Anne Evelyn Clark was an Australian netball administrator, umpire and coach. Between 1950 and 1979 she served as President of the New South Wales Women's Basketball Association. Between 1955 and 1978, she also served five terms as President of the All Australia Netball Association. Clark umpired at the 1967 and 1975 World Netball Championships. In 1975 she was awarded the British Empire Medal and in 2009 was inducted into the Australian Netball Hall of Fame. Clark died on 12 June 1983 in Singapore while attending the 1983 World Netball Championships. She was cremated in Sydney.

==Early life, family and employment==
Clark was born on 16 August 1903 in Waterloo, Sydney. She was the third of five children. Her parents were George Cornelius Clark, a sewerage labourer, and his wife Martha (née Doidge). They were both originally from Victoria.

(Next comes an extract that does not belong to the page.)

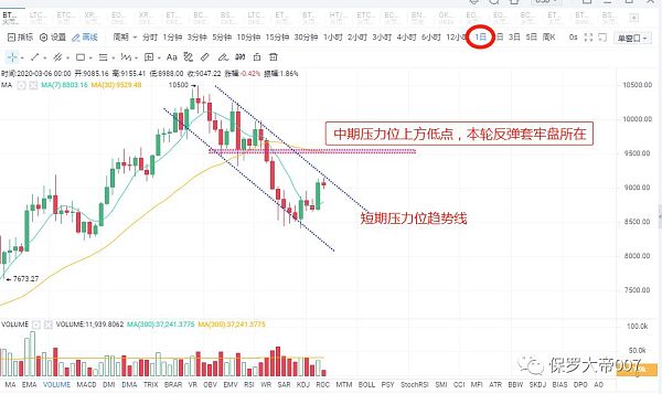 较大周期,周K线看BTC上周大阴线V转。那么大趋势上要走强,需用连阳线将这根大阴线吞噬,现在看还需等待;较小周期,日线看BTC怎样算真正意义转强呢?第一压力是趋势线,短期压力位;第二压力是上方最低点压力,此处是本轮行情套牢盘密集处。中期压力位。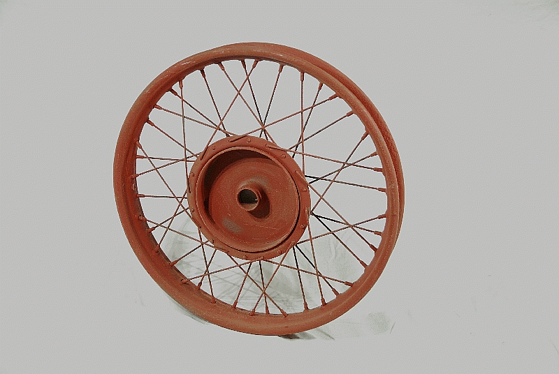 Triumph Front Wheel Genuine ( used ) for Restoration. many used Front Wheels in stock, some with Spindels / Bearings / Speedo Gear. Most need the Rims and Spoke replacing, but not all ! Most bead blasted, ( all with good Drum Surface ) fits 1940-46 3HW, 3S, 3SE + other Models |

Clark attended Redfern Superior Public School until she was 14. She lived with her parents in Waterloo until the late 1930s. Between 1919 and 1963, she worked in the personnel department of a W.D. & H.O. Wills cigarette factory. Clark participated in a range of sports and served as president of the company's sports club for twelve years. In 1941, during World War II she briefly enlisted in the Women's Auxiliary Australian Air Force but she was discharged on compassionate grounds after her mother died. After her retirement, she lived on the North Shore.

==Netball career==
===Netball NSW===
After breaking her ankle during her first season playing netball, Clark decided to concentrate on umpiring and coaching. In 1924, she joined the Sydney City Girls' Amateur Sports Association. When this organisation changed its name to the New South Wales Women's Basketball Association, she became a vice-president. Between 1950 and 1979 she served as President of the NSWWBA. During her time as president, she campaigned to establish district associations throughout the state. She also served as manager, coach and selector for NSW teams in the Australian National Netball Championships. She encouraged the association to acquire its own headquarters which were subsequently named in her honour. Between 1980 and 2014, the association's headquarters were based at the Anne Clark Centre in Lidcombe. It was officially opened on 11 October 1980. In December 2014, Netball New South Wales moved to its current home at Netball Central, Sydney Olympic Park.

===Netball Australia===
Between 1955 and 1978, Clark served five terms (1955, 1960, 1966, 1972 and 1978) as President of the All Australia Netball Association.

===Umpire===
In 1931, Clark was awarded her all All Australian Umpire Badge. In 1938 she umpired the first netball Test between Australia and New Zealand. She also umpired during the 1948 series between Australia and New Zealand, during Australia's 1956 tour of England, Scotland and Ceylon and during the 1967 and 1975 World Netball Championships. Clarke also helped with the development of netball in Papua New Guinea, making four umpiring tours there. She also umpired at the 1966 and 1969 South Pacific Games. In 1972, aged 69, Clark was still umpiring senior matches in the Australian National Netball Championships.

==Anne Clark Service Awards==
In 1976, the Anne Clark Service Award was introduced in her honour. The award recognises individuals who have given at least ten years of outstanding service to netball in New South Wales.

==Honours==
===Individual awards===

| Year | Award |
|---|---|
| 1931 | All Australian Umpire Badge |
| 1964 | All Australian Service Award |
| 1968 | Netball NSW Life Member |
| 1975 | British Empire Medal |
| 19?? | Netball NSW Hall of Fame |
| 2009 | Australian Netball Hall of Fame |

==Reading==
- Dunbar, Judy, 1929-1989: 60 Years of Netball in New South Wales, Netball New South Wales, Sydney, 1989
- Hyland, Deirdre, "Little Anne" : a biography of Anne Clarke, B.E.M., N.S.W. Netball Association, Sydney, 1987.